I've been writing novels for as long as I can remember. It was never something I did for any specific reason; writing simply gave me an outlet for all the characters and stories in my head. I wrote to create a new narrative for my life, a different version of who I wanted to be, who I could be. And I, quite proudly, proclaimed to anyone who asked that I was a writer, an author.
It didn't matter that I wasn't published yet, that a majority of my stories lived only in notebooks, on my laptop, across various pieces of paper, shoved into jacket pockets and promptly forgotten about. I was an author because I said I was, a writer because what I spent my free time doing was writing. It was as simple as that.
But as I got older, I began to doubt this definition. I would tell my friends I was a writer, and they would laugh, jokingly asking when my book was coming out. When I told others that I was an author, they asked who I worked with, what I had written. And over time, author became aspiring author, became in a few years, became someday.
My freshman year of high school I successfully completed National Novel Writing Month for the first time, reaching my monthly goal of 50,000, the official word count for a novel. Surely, I thought, I can call myself an author now that I've officially written a novel? Surely I can be considered a real author now.
But when I told people I had written a novel, all they wanted to know was when they could read it. It seemed that I couldn't be a real writer, an artist, until my book was on a shelf in Barnes and Nobel, until they could google my name and my website would appear, until someone else had decided to qualify me as something I had long considered myself to be. This is the plight of the literary outsider; I never knew another word to describe myself, had always thought of myself as a writer. But none of that would matter until someone else agreed.

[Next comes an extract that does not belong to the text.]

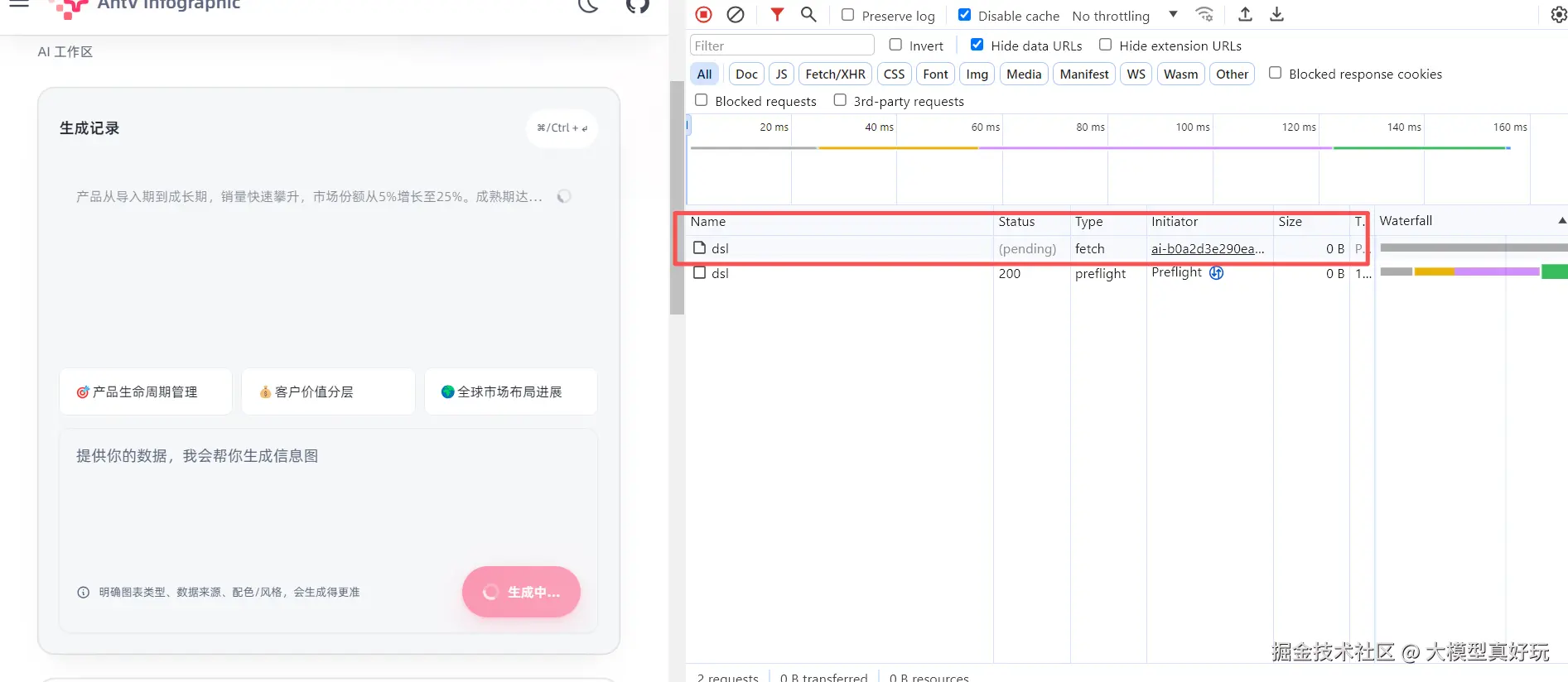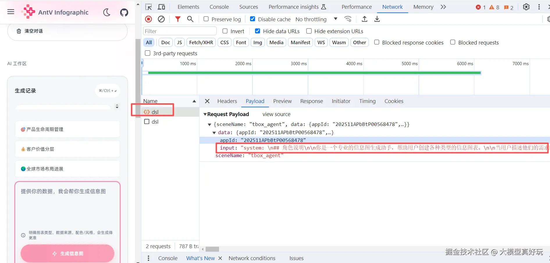 为了让大模型掌握这项技能笔者需要给它一份"说明书"。最直接的方式就是借鉴官方 AI 功能的提示词(Prompt)。通过浏览器的开发者工具(Network 面板)笔者捕获到 AI Infographic 网站与大模型交互时使用的提示词模板。

Three years and three novels later, I finally published my first book. After spending nearly a year emailing back and forth with agents, waiting for responses, for that verification I believed it was required I have, I decided to take matters into my own hands, and self-published my book about sixth months ago.
Yes, here was this qualification that I had sought for so long- I had a website, my name came up on Amazon, I had a physical story for sale, a book with my name on it. I'm a real author now, I thought. Finally.
And yet, I still found people questioning why I had self-published, saying that anyone could self-publish a book if they wanted to. Forget the two years that went into planning, writing, editing, and marketing the book- no, anyone could do it! And yes, I suppose that anyone who had gone through this process could publish their story on their own, the same way I had. But if you reach that point, if you get past the months of drafting, of writing, of editing, of waiting for reviews and opinions, of entering entirely into a world and a story and loving it with all your being, then I believe you've earned the right to call yourself a writer- whether the rest of the world chooses to agree or not.
Last night, I hit the 50,000 word count, turning my draft into an official novel. It's the 6th book I've written in five years. By most qualifications, I'm an author now, though I can't say it makes me feel any differently. Watching the word count click over from 49,999 to 50,000 hardly made a difference. Reaching that official qualification, something I had strived for for so long, hardly matters to me anymore. What matters is that I keep writing, that I keep working to tell the stories I have to tell, the stories that burn and rage within me. That is artistry, the ability to act upon that passion and turn it into something that transcends your mind.
And so it really can be as simple as being able to call yourself a writer if you write, a painter if you paint, a singer if you sing. We don't need to overcomplicate this; we don't need to make people feel as though they cannot be what they know they are. I know that I am a writer. I know that as long as I sit down and continue to put words on a page, I will always be a writer.
I do not know if I will self-publish my new book, or whether I will ever publish it at all. I do not think that it matters. Even if I am the only person who ever reads this draft, even if the only face it ever sees is that of my computer screen, I am still a writer. And I always will be.